● **WHAT IS EXPECTED**
Produce the lines from the one containing "Het is ondertussen" through the end of the material exactly as they appear, both ends included, and leave the pictures out.

● **DATASET EXTRACT**
━━━━

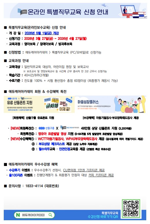 [에듀케어아카데미] 보육교직원 온라인 특별직무교육 2026년 5월 개강 교육신청안내
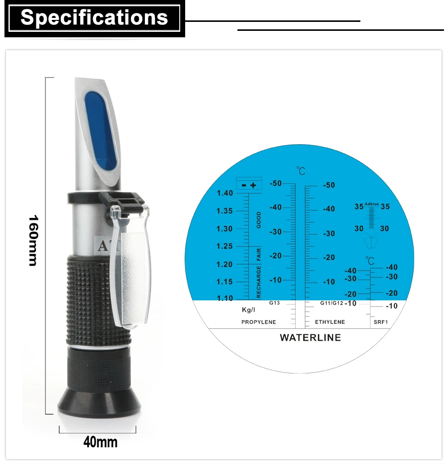 Этот оптический рефрактометр предназначен для измерения охлаждающей жидкости и антифриза на основе этиленгликоля или пропиленгликоля, состояния аккумуляторной жидкости и антифриза (жидкость для мытья лобового стекла) на основе этанола, а также изопропилового спирта. Пожалуйста, ознакомьтесь с приведенной выше таблицей размеров, слева направо, первая шкала предназначена для измерения удельного веса аккумуляторной кислоты, второй предназначен для измерения точки замораживания системы антифриза на основе пропиленгликоля или этиленгликоля, Третий предназначен для измерения точки замеров жидкостей для очистки ветрового стекла.
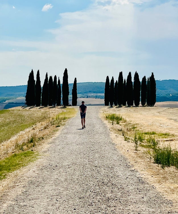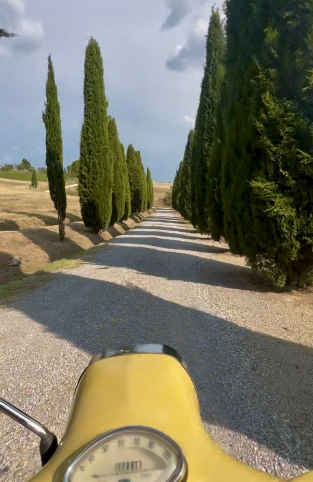 Het is ondertussen al wat later in de middag, dus stappen we opnieuw op de scooter voor het laatste stuk terug naar Pienza. We nemen een zandpad ipv van de geasfalteerde SP88 en komen een fantastisch pad tegen met Cipressen van Azienda Agricola Le Traverse. Een hidden gem, waar je zeker even een kijkje moet nemen tijdens deze tour door Val d'Orcia.
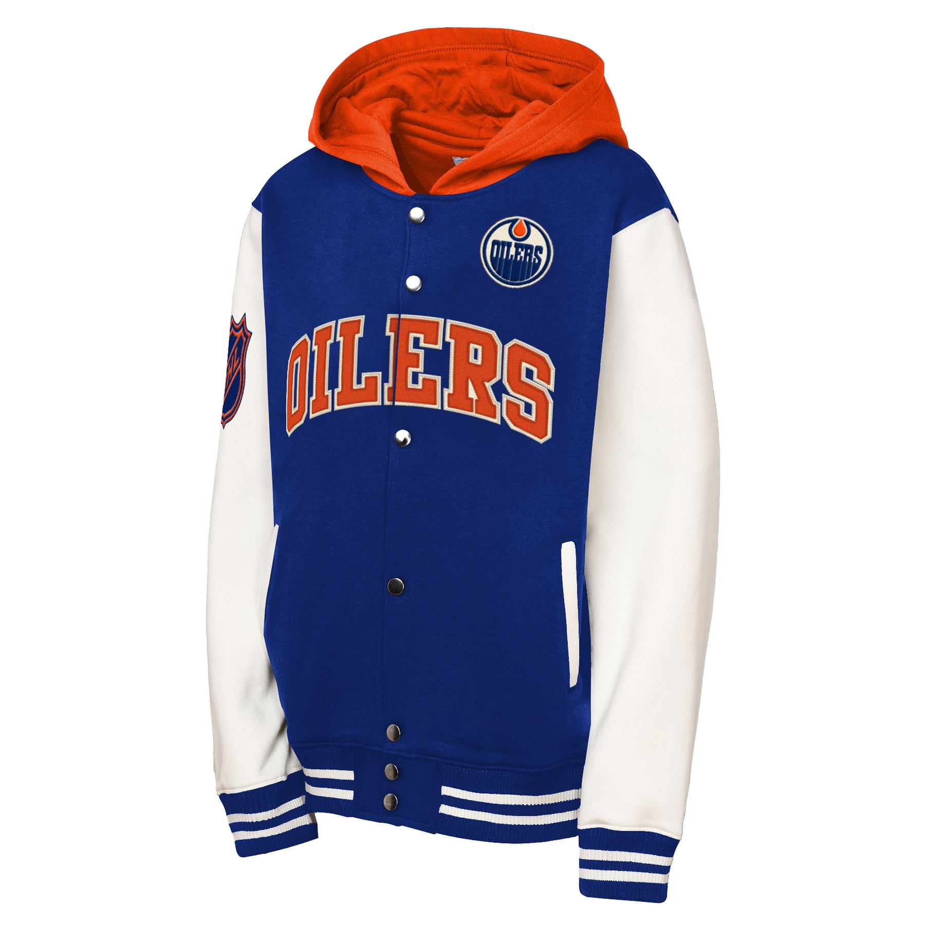 Give your young fan some vintage Edmonton Oilers style with this Edmonton Oilers Youth Mitchell & Ness Blue Court Side Fleece Jacket. This fleece jacket is perfect for mild game days, offering a stylish way to showcase your Edmonton Oilers pride. With its classic raglan sleeves and bold tackle twill appliqués, it delivers a vintage athletic look that never goes out of style.

━━━━

● **WRITTEN SOLUTION**
 Het is ondertussen al wat later in de middag, dus stappen we opnieuw op de scooter voor het laatste stuk terug naar Pienza. We nemen een zandpad ipv van de geasfalteerde SP88 en komen een fantastisch pad tegen met Cipressen van Azienda Agricola Le Traverse. Een hidden gem, waar je zeker even een kijkje moet nemen tijdens deze tour door Val d'Orcia.
 Give your young fan some vintage Edmonton Oilers style with this Edmonton Oilers Youth Mitchell & Ness Blue Court Side Fleece Jacket. This fleece jacket is perfect for mild game days, offering a stylish way to showcase your Edmonton Oilers pride. With its classic raglan sleeves and bold tackle twill appliqués, it delivers a vintage athletic look that never goes out of style.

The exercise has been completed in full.